During her freshman season playing softball for the Titans, she helped them finish with an overall record of 20-4 and 13-1 in the conference. And that whole summer Alderman not only played travel softball, she played club volleyball to get ready for her sophomore season on the varsity volleyball team. 

“It was really good because like one of my best friends was the setter, so the setter-hitter connection was very good,” Alderman said. “And my blocking got a lot better since I was leading the team in blocks last season. And second in the conference with the most blocks, and that as an underclassman, felt really good, especially because there was only two sophomores on the varsity and I was one of them. And it just made my confidence go even higher.” 

The progression for Alderman in volleyball has become increasingly evident. 

“I have my expectation of all the players,” Gillon said. “But like I said, she is so mentally tough, and she does have a lot of drive to be good at whatever she does. So, for me it wasn’t necessarily like of these high expectations of what Taylor Alderman was supposed to be, but it was more like fostering her like to continue to get to the point that I know that she wants to be at.” 

This past spring, playing on the softball team as a sophomore, she helped the Titans to an overall record of 24-4 and 12-2 in the conference.  

“There is not any player that’s on West Forsyth’s varsity (volleyball) team that’s not very good because that’s a high level there,” Baity said. “So, yeah, I’ve seen her play several times. I think she also has improved quite a bit. You know, I think you sort of could tell that she picked it up, you know, later, but she has really improved the last year in volleyball.” 

As for this, her junior season in volleyball, the team went on an early-season trip to Florida and it helped the team bond. 

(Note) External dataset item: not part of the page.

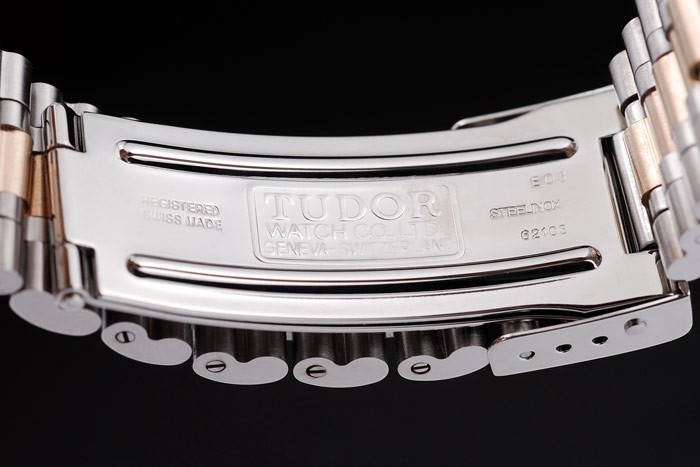 Bracelet: Deux acier inoxydable brossé tonique et plaqué or jaune bracelet lien avec des gravures Tudor et poussoir libération boucle déployante avec logo Tudor sur top

“At the beginning it was kind of shaky because we were all kind of nervous,” Alderman said. “But as the season has like progressed the whole teams trusts each other I think we trust the coaches more now, and they trust us more now. So, it’s made us more a bit better bond, like a better family. But it made us play better on the court.” 

The bond helped as it came from behind on Oct. 1 at home to defeat Reagan 3-2, which has been a conference powerhouse. 

“That felt really good,” Gillon said. “I knew they had it in them. And the first time we played Reagan, I think it, you know there’s such a stigma about playing a team that’s had so much success that they’ve had over the past couple years. Like it’s kind of hard to get that out of your head.” 

West Forsyth did defeat Reagan, helping it tie for first place in the conference. If they played each other in the conference-tournament championship this past Wednesday, the winner determines the top seed in next week’s NCHSAA Class 4-A tournament.  

Either way, and no matter how this volleyball season ends, Alderman still has another season of volleyball and two full seasons of softball at West Forsyth. 

“Her ultimate goal is to play softball in college,” Gillon said. “So, I think that she’s developed in a way to where resting her body with not playing volleyball and focusing on softball, it will actually benefit her, I think.” 

Playing catcher is a demanding position and Baity sees no reason Alderman can’t play in college. 

“I think she has realized her potential, and I think she has started working harder,” he said. “You know, I think she sees that she can play at the next level. Sp I think she has started working harder.” 

She has plenty of time to choose where she’d like to play in college, but she would prefer Western Carolina, and if not there, then Appalachian State. 

“I’m thankful to be a part of (volleyball and softball at West Forsyth) because a few other schools aren’t that well in other sports,” Alderman said. “So, I’m very thankful to be at West and have everyone here supporting me for both sports.”